» REQUIRED WORK
A stretch of the entries below is to be set down exactly, running from the line with "Anlässlich 20 Jahre" through the line with "The Ashvin twins", both included, and no other line.

» SOURCE DATA
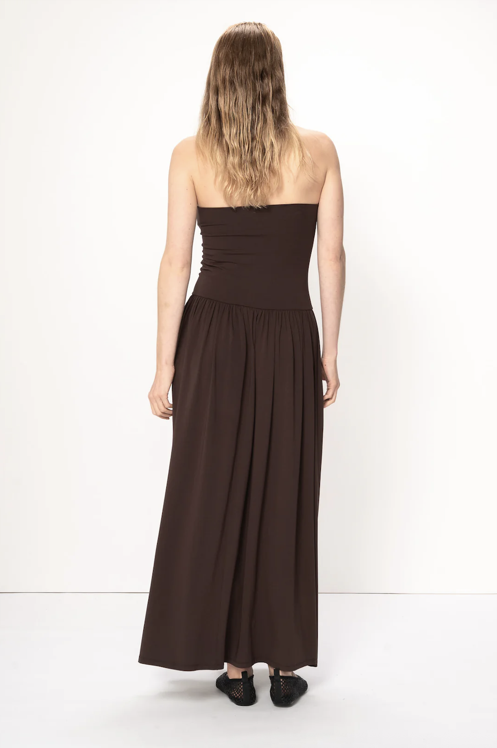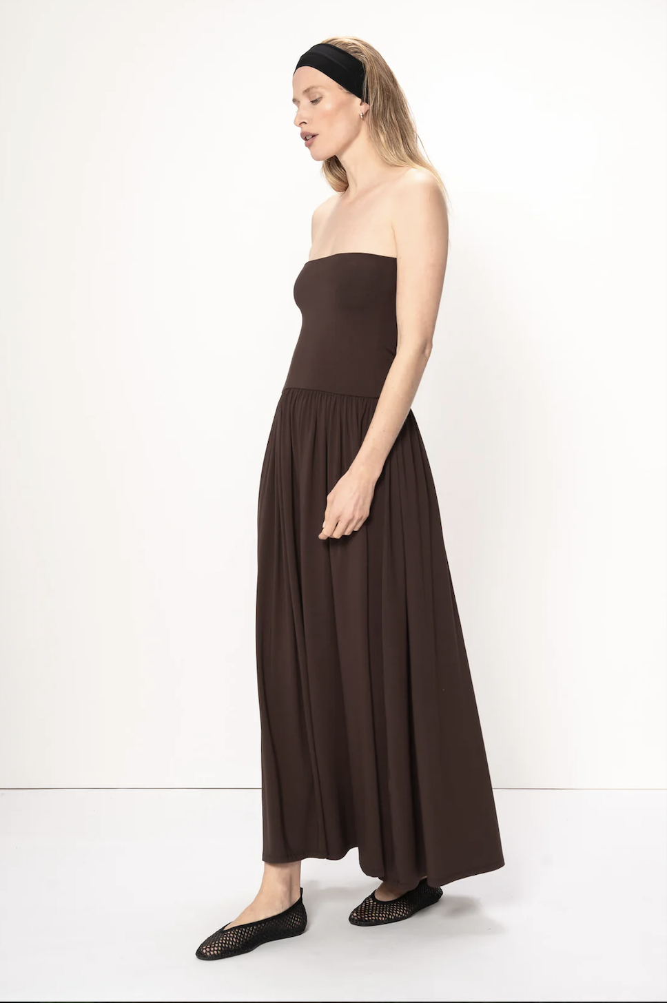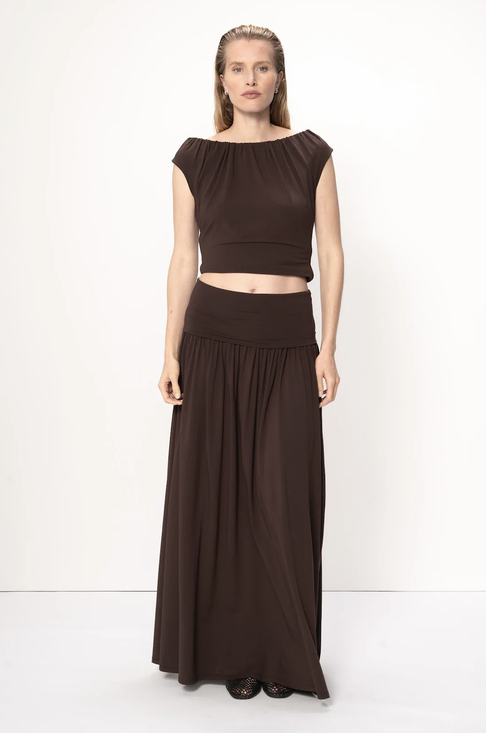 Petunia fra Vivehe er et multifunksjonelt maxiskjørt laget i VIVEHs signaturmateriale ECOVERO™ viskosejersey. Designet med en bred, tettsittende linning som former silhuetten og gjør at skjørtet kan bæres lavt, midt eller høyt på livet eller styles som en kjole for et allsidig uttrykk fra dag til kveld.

---

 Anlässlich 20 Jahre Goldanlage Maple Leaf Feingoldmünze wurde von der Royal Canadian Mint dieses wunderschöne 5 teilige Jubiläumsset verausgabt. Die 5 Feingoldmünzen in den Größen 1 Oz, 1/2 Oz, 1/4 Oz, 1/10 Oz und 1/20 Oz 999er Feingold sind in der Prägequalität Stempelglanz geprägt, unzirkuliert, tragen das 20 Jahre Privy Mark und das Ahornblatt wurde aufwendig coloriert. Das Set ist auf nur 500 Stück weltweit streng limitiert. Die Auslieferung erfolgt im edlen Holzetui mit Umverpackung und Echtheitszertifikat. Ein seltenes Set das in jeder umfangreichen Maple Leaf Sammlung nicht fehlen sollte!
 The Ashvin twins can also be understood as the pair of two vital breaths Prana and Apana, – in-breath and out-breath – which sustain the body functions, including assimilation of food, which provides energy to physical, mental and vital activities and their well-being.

» REPLY TO THE TASK
 Anlässlich 20 Jahre Goldanlage Maple Leaf Feingoldmünze wurde von der Royal Canadian Mint dieses wunderschöne 5 teilige Jubiläumsset verausgabt. Die 5 Feingoldmünzen in den Größen 1 Oz, 1/2 Oz, 1/4 Oz, 1/10 Oz und 1/20 Oz 999er Feingold sind in der Prägequalität Stempelglanz geprägt, unzirkuliert, tragen das 20 Jahre Privy Mark und das Ahornblatt wurde aufwendig coloriert. Das Set ist auf nur 500 Stück weltweit streng limitiert. Die Auslieferung erfolgt im edlen Holzetui mit Umverpackung und Echtheitszertifikat. Ein seltenes Set das in jeder umfangreichen Maple Leaf Sammlung nicht fehlen sollte!
 The Ashvin twins can also be understood as the pair of two vital breaths Prana and Apana, – in-breath and out-breath – which sustain the body functions, including assimilation of food, which provides energy to physical, mental and vital activities and their well-being.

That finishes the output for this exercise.